Lord knows I have 2 guys already. Help! Any advice would be sooo appreciated.

Debbie Chapman 607-525-6610 [email protected]

It's gonna freezing rain tonite and tomorrow. darn this sucks. Sorry.


----------



## mountain_waif (Jan 1, 2004)

....


----------



## Miniv (Jan 1, 2004)

Lois has some good ideas........also with all the publicity, it's less likely the man will just send him off to a sale.......






MA


----------



## ChrystalPaths (Jan 1, 2004)

Good ideas. I have already notified the local vets, but haven't heard back. Don't expect to... being nite.

Tv is a no go. I'm way out there and our local tv is NYC. Hate that.

Have made up flyers for the feed store, but am not saying more than "found bay horse...Paul Rd. Troupsburg...possible mini or pony. Describe to identify. Don't want someone to say, "oh there he is!."

Figure they need to say he's a stallion and say how he's marked.

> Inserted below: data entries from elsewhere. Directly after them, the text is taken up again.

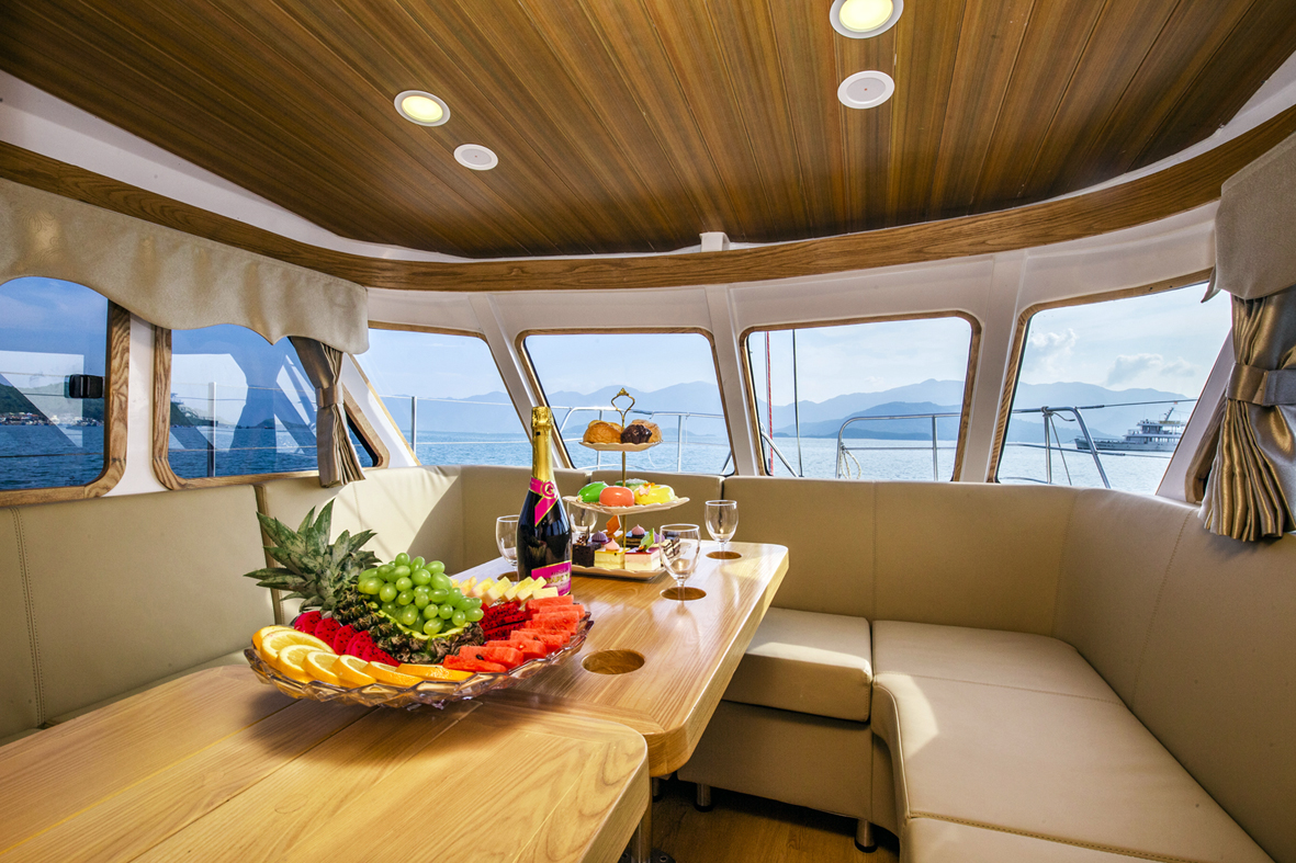 - Các tiện nghi sang trọng trên Du thuyền Buồm Catamaran: Wifi, Điều hoà, Âm thanh, Karaoke, Buồng tắm nước ngọt…
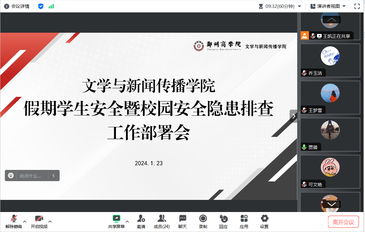 为进一步加强校园安全,切实排除安全隐患。1月23日,文传学院召开线上假期学生安全暨校园安全隐患排查工作部署会,文传学院党委书记贾蓓、团委书记王凯及全体辅导员参会。
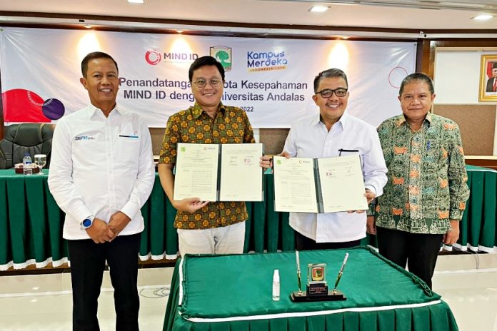 SuaraPemerintah.ID – BUMN Holding Industri Pertambangan MIND ID, atau Mining Industry Indonesia, yang beranggotakan di antaranya PT Aneka Tambang Tbk, PT Bukit Asam Tbk, PT Freeport Indonesia, PT Inalum (Persero) dan PT Timah Tbk, bersama Universitas Andalas menandatangani nota kesepahaman (MoU) tentang Pendidikan, Penelitian dan Pengabdian Masyarakat serta pengembangan di Bidang Pertambangan, Sosial dan Lingkungan.
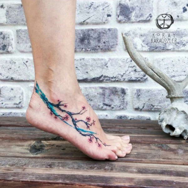脚背小清新樱花纹身图案优雅高贵

I'll check up on him in the am and get pics. Thanks.


----------



## kaykay (Jan 1, 2004)

Please keep us updated. These are all very good ideas. Call your local radio station. Im sure they would run some free "blurbs" If hes in good shape---then I feel sure someone is looking for him!!!


----------



## ChrystalPaths (Jan 1, 2004)

Thanks KayKay' I haven't seen him yet. It was nite when I found out. I plan to see him in the am. Trevor said he was chubby and sleek. Feet a little long, alittle potty in the tummy. Worst was the burdocks. Said they(owner) would need to shave his mane and cut his tail. I'll update you tomorrow.


----------



## Wee Mite Miniatures (Jan 1, 2004)

Quite a few years ago there was a bad situation around here with a herd of mini's not being taken care of. One mini stallion broke out with a big mare and a big gelding. The three horses were found two towns away from where they escaped. They can travel far. Even in the bad condition those three horses were in they went a long way. I am talking about feet starting to curl and real skinny.


----------



## ChrystalPaths (Jan 2, 2004)

Well, I went over this morning and took some pics of this fella. He's so pretty even tough he's all burdocks. He ate some feed from my hand but I can't get my hands on him. He spooks. I sent the pics to Kay maybe she can post one. I've done all the notifying. He's about 1 1/2 miles from me on a very lonely dirt road and is kinda hanging out of the fence on the road, nera 2 full sized horse. I hate that. I'll keep trying to win him over. Any ideas? He's a cute black pinto about 36-38". If he were mine gone missing I'd be driving all over trying to find him. We're pretty far out there and only so many people could own him. I thought of the Amish but they really don't like the flashy ones. Have put out the word anyways.

This totally sucks.


----------



## kaykay (Jan 2, 2004)

I checked and no email. My addy is

[email protected]

or

[email protected]

I have to go play with horses now but ill check back

kay


----------



## ChrystalPaths (Jan 2, 2004)

Don't know why it won't come up. I have sent them LittleSteppers to forward to you. Maybe that will work. I just went and gave him some hay, water and feed. He's off the road and in the electric fence with the 2 lg horses. They are a bit aggressive but he seems in no danger. I'll check him again in the morning. Deb


----------



## Bluerocket (Jan 14, 2004)

What happened next??? Are there photos? Just saw this thread and am curious. He sounds like a handsome stallion.

JJ


----------



## Bluerocket (Jan 14, 2004)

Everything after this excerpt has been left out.